## DIRECTIONS
The goal is an unaltered copy of the records below, minus any images.

—————

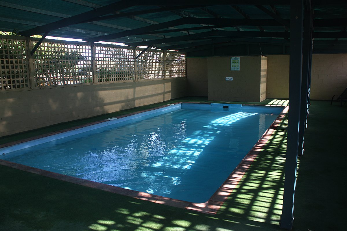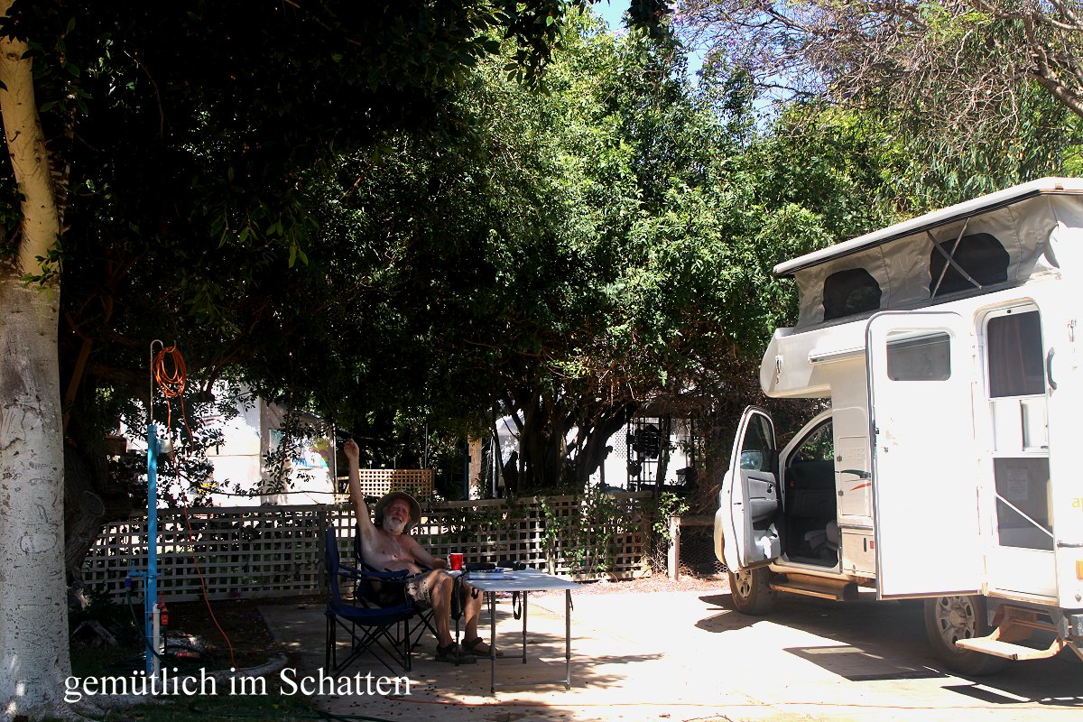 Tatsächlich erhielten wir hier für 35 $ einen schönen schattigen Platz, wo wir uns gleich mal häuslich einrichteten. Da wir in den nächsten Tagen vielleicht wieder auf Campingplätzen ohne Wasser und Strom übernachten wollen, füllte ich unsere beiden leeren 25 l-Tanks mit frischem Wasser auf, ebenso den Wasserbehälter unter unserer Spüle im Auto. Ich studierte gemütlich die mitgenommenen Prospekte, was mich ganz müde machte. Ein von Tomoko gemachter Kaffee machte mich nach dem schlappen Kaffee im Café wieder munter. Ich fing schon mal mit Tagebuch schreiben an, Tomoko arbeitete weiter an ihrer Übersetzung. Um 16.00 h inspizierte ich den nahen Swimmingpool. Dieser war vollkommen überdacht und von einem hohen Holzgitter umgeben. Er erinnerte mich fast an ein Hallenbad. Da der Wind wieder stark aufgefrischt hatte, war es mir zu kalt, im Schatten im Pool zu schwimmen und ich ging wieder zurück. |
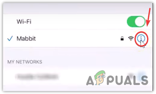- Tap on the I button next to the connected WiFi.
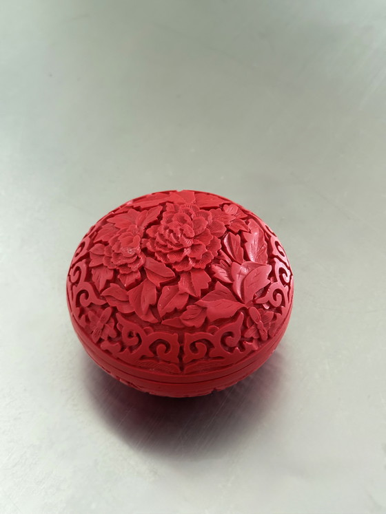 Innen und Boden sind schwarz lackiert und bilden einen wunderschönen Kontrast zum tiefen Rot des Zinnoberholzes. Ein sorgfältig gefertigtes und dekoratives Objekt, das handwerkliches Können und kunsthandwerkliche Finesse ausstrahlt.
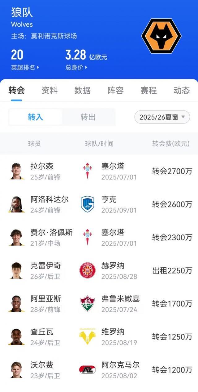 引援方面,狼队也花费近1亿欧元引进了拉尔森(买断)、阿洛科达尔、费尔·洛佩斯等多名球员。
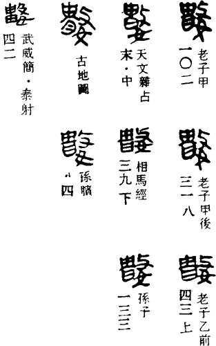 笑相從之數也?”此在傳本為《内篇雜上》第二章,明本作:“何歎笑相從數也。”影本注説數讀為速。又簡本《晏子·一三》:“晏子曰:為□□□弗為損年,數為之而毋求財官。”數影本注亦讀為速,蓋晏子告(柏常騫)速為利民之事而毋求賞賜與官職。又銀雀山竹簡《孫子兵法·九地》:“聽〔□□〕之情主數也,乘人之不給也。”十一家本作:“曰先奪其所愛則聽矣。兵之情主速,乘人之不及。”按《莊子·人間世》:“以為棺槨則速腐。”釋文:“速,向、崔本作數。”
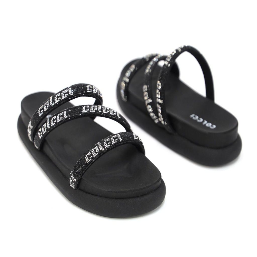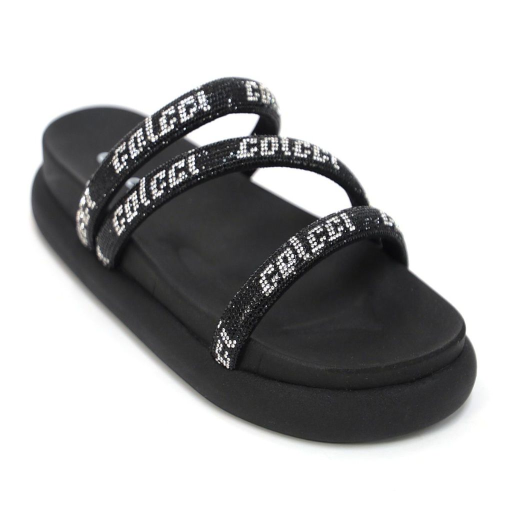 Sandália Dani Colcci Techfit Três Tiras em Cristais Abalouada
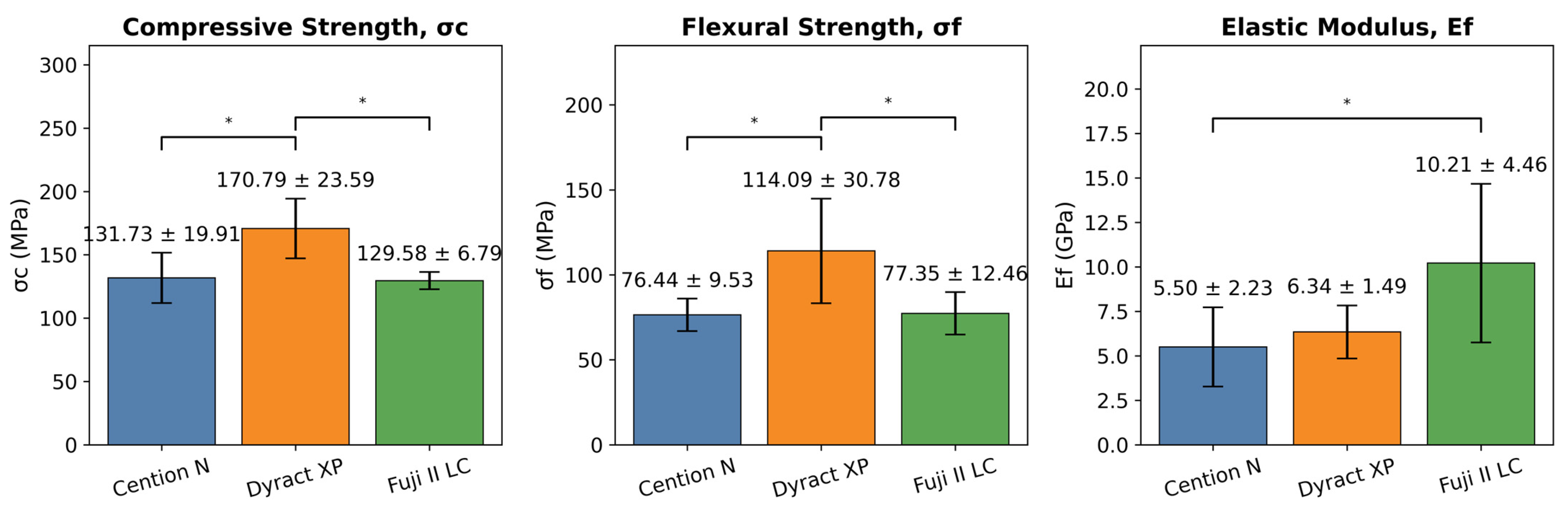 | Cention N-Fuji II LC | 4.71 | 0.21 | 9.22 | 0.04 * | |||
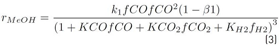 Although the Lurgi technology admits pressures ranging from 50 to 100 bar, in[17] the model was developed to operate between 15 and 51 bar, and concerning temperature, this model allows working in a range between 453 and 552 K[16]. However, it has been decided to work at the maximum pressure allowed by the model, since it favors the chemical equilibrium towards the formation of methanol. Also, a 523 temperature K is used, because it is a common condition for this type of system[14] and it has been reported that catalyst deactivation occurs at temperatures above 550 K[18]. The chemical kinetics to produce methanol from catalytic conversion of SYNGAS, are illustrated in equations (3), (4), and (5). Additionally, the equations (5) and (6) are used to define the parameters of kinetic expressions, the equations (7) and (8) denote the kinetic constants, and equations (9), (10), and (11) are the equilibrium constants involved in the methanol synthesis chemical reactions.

—————

## RESULT OF THE EXERCISE
 Tatsächlich erhielten wir hier für 35 $ einen schönen schattigen Platz, wo wir uns gleich mal häuslich einrichteten. Da wir in den nächsten Tagen vielleicht wieder auf Campingplätzen ohne Wasser und Strom übernachten wollen, füllte ich unsere beiden leeren 25 l-Tanks mit frischem Wasser auf, ebenso den Wasserbehälter unter unserer Spüle im Auto. Ich studierte gemütlich die mitgenommenen Prospekte, was mich ganz müde machte. Ein von Tomoko gemachter Kaffee machte mich nach dem schlappen Kaffee im Café wieder munter. Ich fing schon mal mit Tagebuch schreiben an, Tomoko arbeitete weiter an ihrer Übersetzung. Um 16.00 h inspizierte ich den nahen Swimmingpool. Dieser war vollkommen überdacht und von einem hohen Holzgitter umgeben. Er erinnerte mich fast an ein Hallenbad. Da der Wind wieder stark aufgefrischt hatte, war es mir zu kalt, im Schatten im Pool zu schwimmen und ich ging wieder zurück. |
- Tap on the I button next to the connected WiFi.
 Innen und Boden sind schwarz lackiert und bilden einen wunderschönen Kontrast zum tiefen Rot des Zinnoberholzes. Ein sorgfältig gefertigtes und dekoratives Objekt, das handwerkliches Können und kunsthandwerkliche Finesse ausstrahlt.
 引援方面,狼队也花费近1亿欧元引进了拉尔森(买断)、阿洛科达尔、费尔·洛佩斯等多名球员。
 笑相從之數也?”此在傳本為《内篇雜上》第二章,明本作:“何歎笑相從數也。”影本注説數讀為速。又簡本《晏子·一三》:“晏子曰:為□□□弗為損年,數為之而毋求財官。”數影本注亦讀為速,蓋晏子告(柏常騫)速為利民之事而毋求賞賜與官職。又銀雀山竹簡《孫子兵法·九地》:“聽〔□□〕之情主數也,乘人之不給也。”十一家本作:“曰先奪其所愛則聽矣。兵之情主速,乘人之不及。”按《莊子·人間世》:“以為棺槨則速腐。”釋文:“速,向、崔本作數。”
 Sandália Dani Colcci Techfit Três Tiras em Cristais Abalouada
 | Cention N-Fuji II LC | 4.71 | 0.21 | 9.22 | 0.04 * | |||
 Although the Lurgi technology admits pressures ranging from 50 to 100 bar, in[17] the model was developed to operate between 15 and 51 bar, and concerning temperature, this model allows working in a range between 453 and 552 K[16]. However, it has been decided to work at the maximum pressure allowed by the model, since it favors the chemical equilibrium towards the formation of methanol. Also, a 523 temperature K is used, because it is a common condition for this type of system[14] and it has been reported that catalyst deactivation occurs at temperatures above 550 K[18]. The chemical kinetics to produce methanol from catalytic conversion of SYNGAS, are illustrated in equations (3), (4), and (5). Additionally, the equations (5) and (6) are used to define the parameters of kinetic expressions, the equations (7) and (8) denote the kinetic constants, and equations (9), (10), and (11) are the equilibrium constants involved in the methanol synthesis chemical reactions.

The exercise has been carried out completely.